自然穏やかに表現 竹喬の世界堪能 笠岡の美術館で40周年記念展

太平洋を望む波切村の風景を描いた「波切村」

 笠岡市六番町の市立竹喬美術館で、同市出身の日本画家・小野竹喬(1889~1979年)の画業を振り返る「開館40周年記念 移ろふ自然 小野竹喬展」が開かれている。来館者は、四季折々の自然風景を穏やかな表現で描き続けた竹喬芸術の世界を堪能していた。12月18日まで。

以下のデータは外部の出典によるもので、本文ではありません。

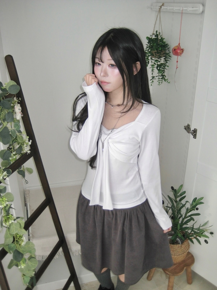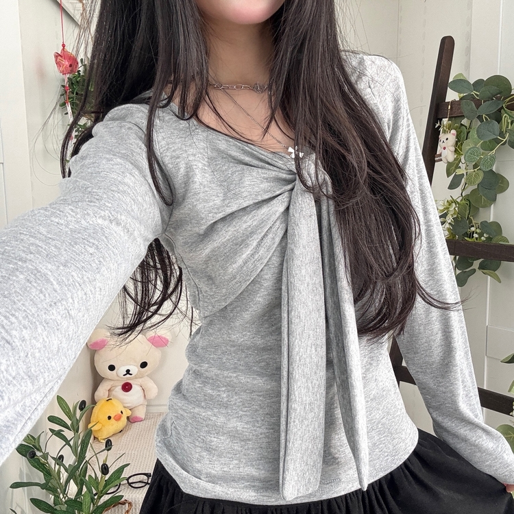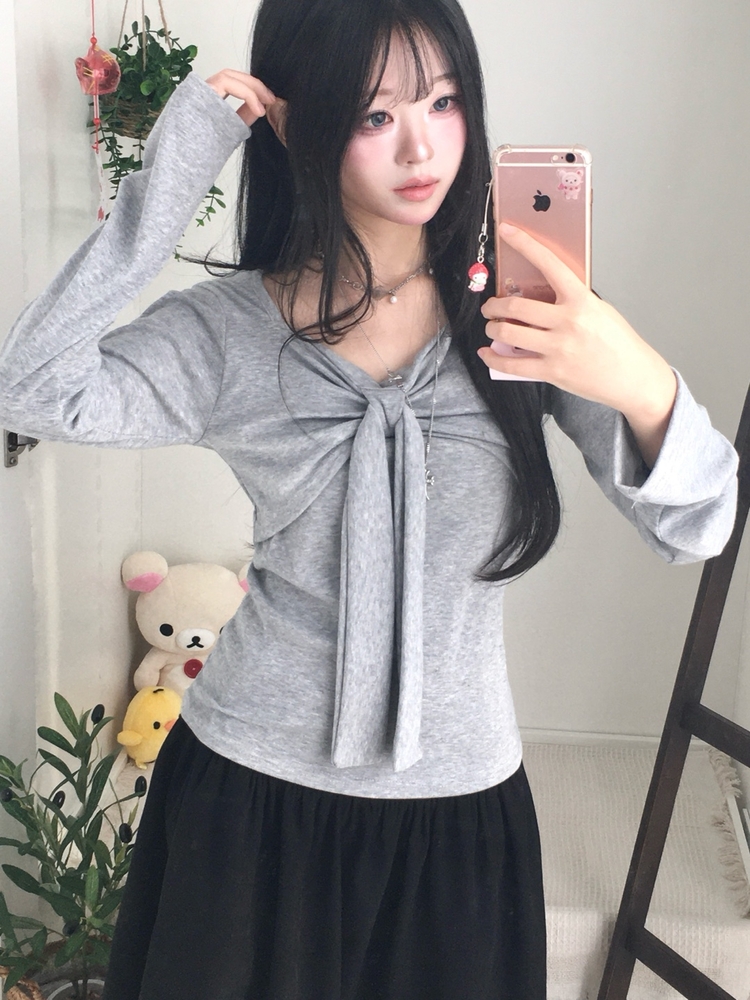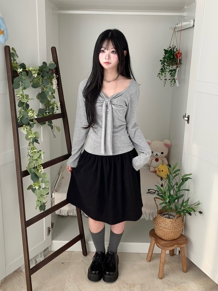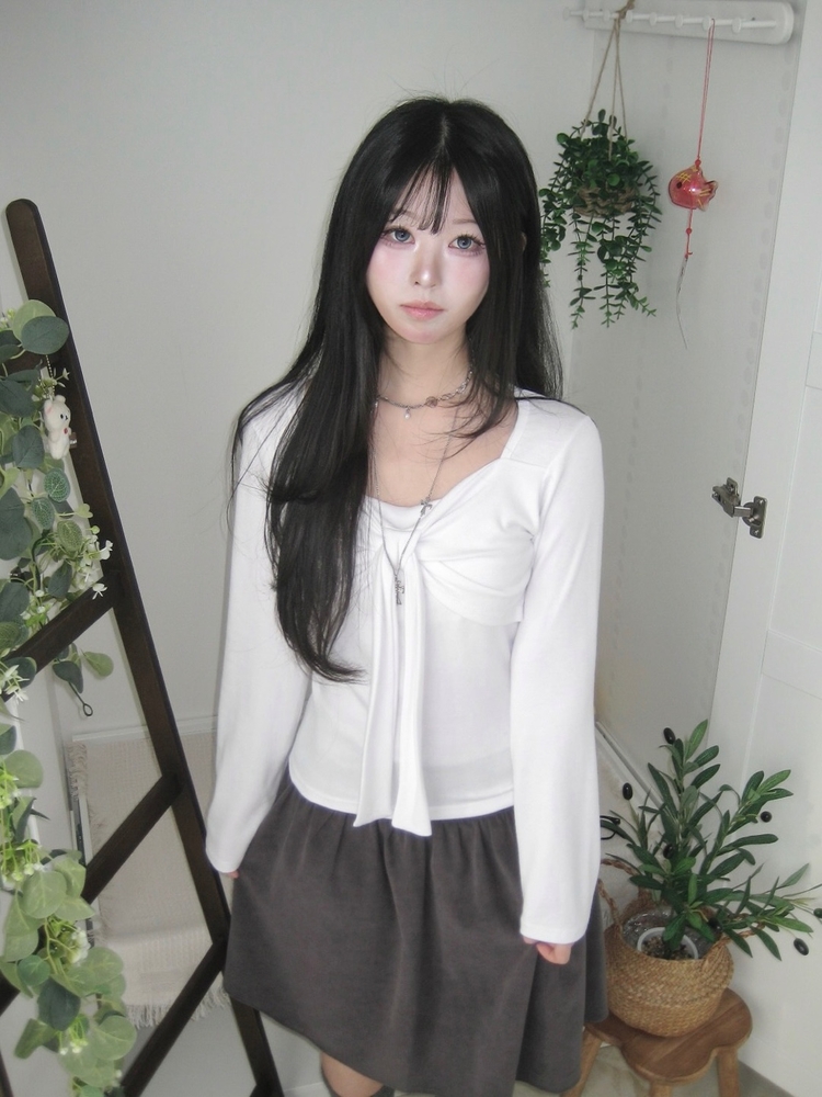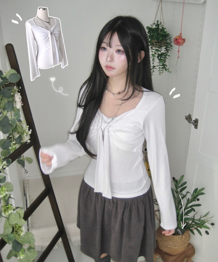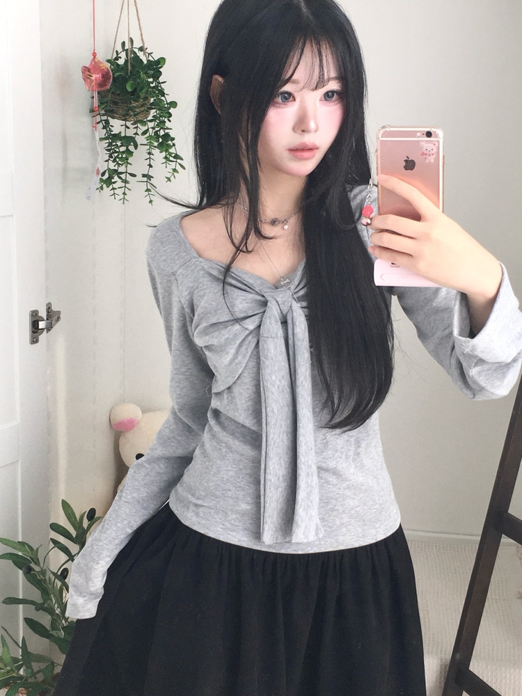 STS242552 슬림핏 리본 긴팔 티셔츠 롱슬리브 스퀘어넥

 10月に開館40年を迎える節目に、改めて竹喬作品の魅力を伝えようと企画。所蔵する1709点の中から前後期で作品を一部入れ替えながら計85点を展示する。

 竹喬の故郷・同市富岡からの夕景を捉えた「落照」、澄んだ青空を背景に秋風に揺れるススキなどを爽やかな色合いで表現した「野辺」などが並ぶ。太平洋を望む波切村(なきりむら)(現三重県)の穏やかな朝の海を右隻、荒れた夕方の海を左隻に描いた四曲一双の「波切村」も目を引く。

 同館の田辺咲智学芸員は「素直なまなざしで描かれた自然とともに、年代ごとの作風の変化も楽しんでほしい」と話している。

 10月9日午後1時半からは学芸員と参加者が対話しながら作品鑑賞を楽しむイベントを開く。対象は小学生以上で、事前に申し込みが必要。

 一般500円。笠岡市民、市外の高校生以下、65歳以上は無料。月曜休館(祝日の場合は翌日)。問い合わせは同館(0865―63―3967)。